Highly-placed railway sources billed the whole project as “back to square one”. A top railway official said it would take anywhere between six months to a year for a new project report to be prepared. K-RIDE would carry out the work instead of consultancy firm, RITES, which had prepared the present report.
It may be recalled that the report was meant to be placed before the Union Cabinet on its last working day on March 7, but was dropped at the last minute as the financial viability
of the project came into question.

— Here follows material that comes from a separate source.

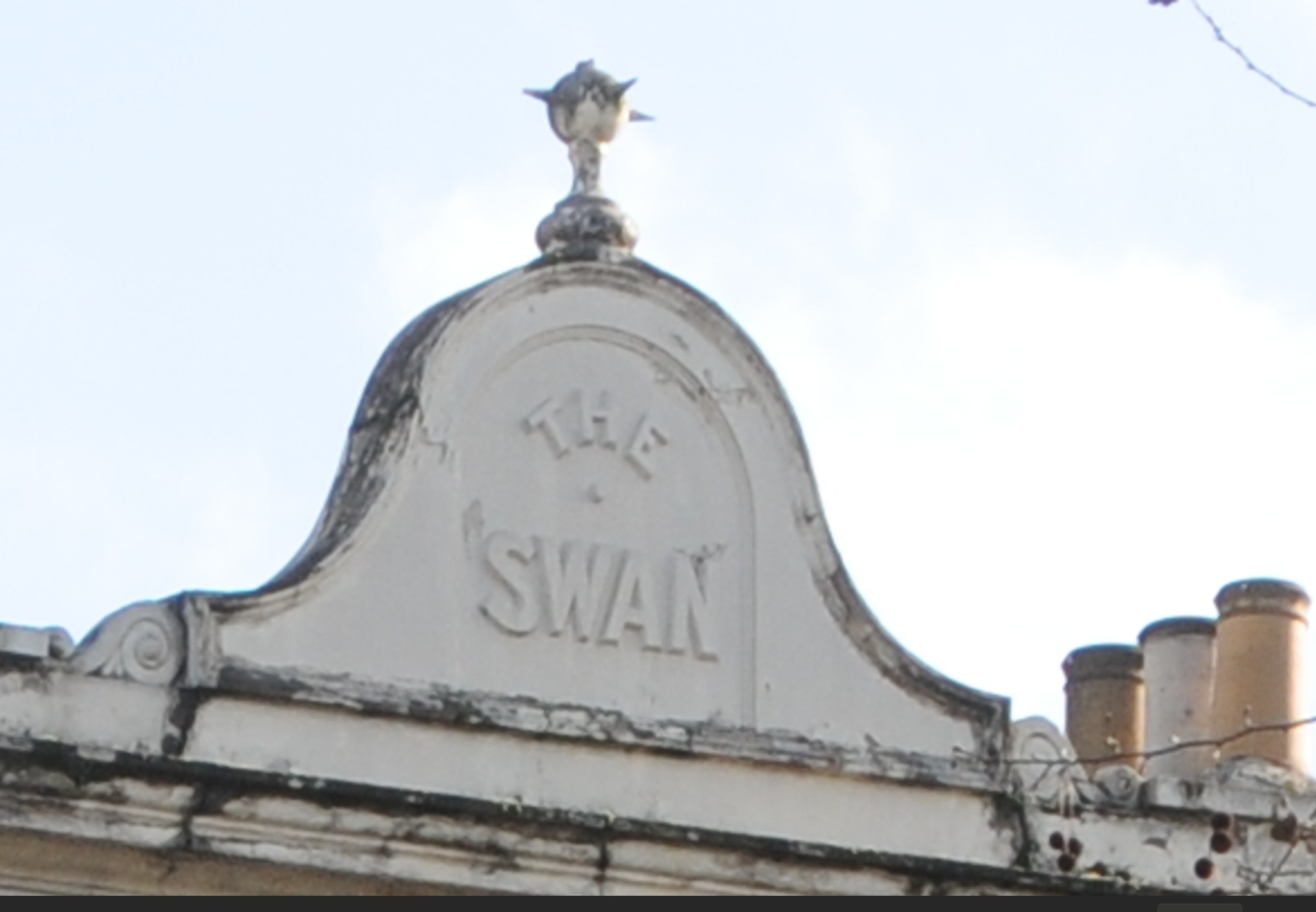 The current name of the pub dates from around 2009, and the original name of the pub was the Swan, as still displayed along the top of the building:

The letter, signed by Ruth Changsan, the director of Metropolitan Transport Project, Railway Board, New
Delhi, dated April 10, says, “The PMO vide ID dated March 20 has directed the Board to restructure the Bengaluru suburban transport project, as discussed in the meeting chaired by principal secretary to the Prime Minister, held on March 11. The Ministry of Finance vide office memorandum dated March 25 was also furnished with observations on the proposal.”
It has listed five major aspects that need to be reworked. Calling for reducing the number of suburban stations with the City, it felt the core of the city needs to be served by the Metro or bus. “The proposed suburban lines should not compete with Metro. The suburban lines should be planned to bring people from and to suburban areas of the city, and for their development as nodal centres,” it said.
The Kengeri to Whitefield corridor proposed in the suburban project had been strongly opposed by BMRCL, as it felt that Metro operations will cater to the same route. A similar issue was raised about the Yelahanka-Rajanukunte route as well as the suburban line to airport.
The letter also called for bifurcation of the project into many point-to-point projects. The fares should be fixed such that it would meet the Operations and Maintenance cost of the project. It called for a comparison to be made, with the fares prevalent in other modes of transport.
The Finance Ministry has suggested reworking the financial cost of the project with Viability Gap Fund (one-time grant) as well as the implementation of the individual point-to-point projects through public-private partnership mode. It called upon “the State government and Ministry of Railways to facilitate this by offering surplus land parcels or VGF and structure it on a revenue sharing basis.”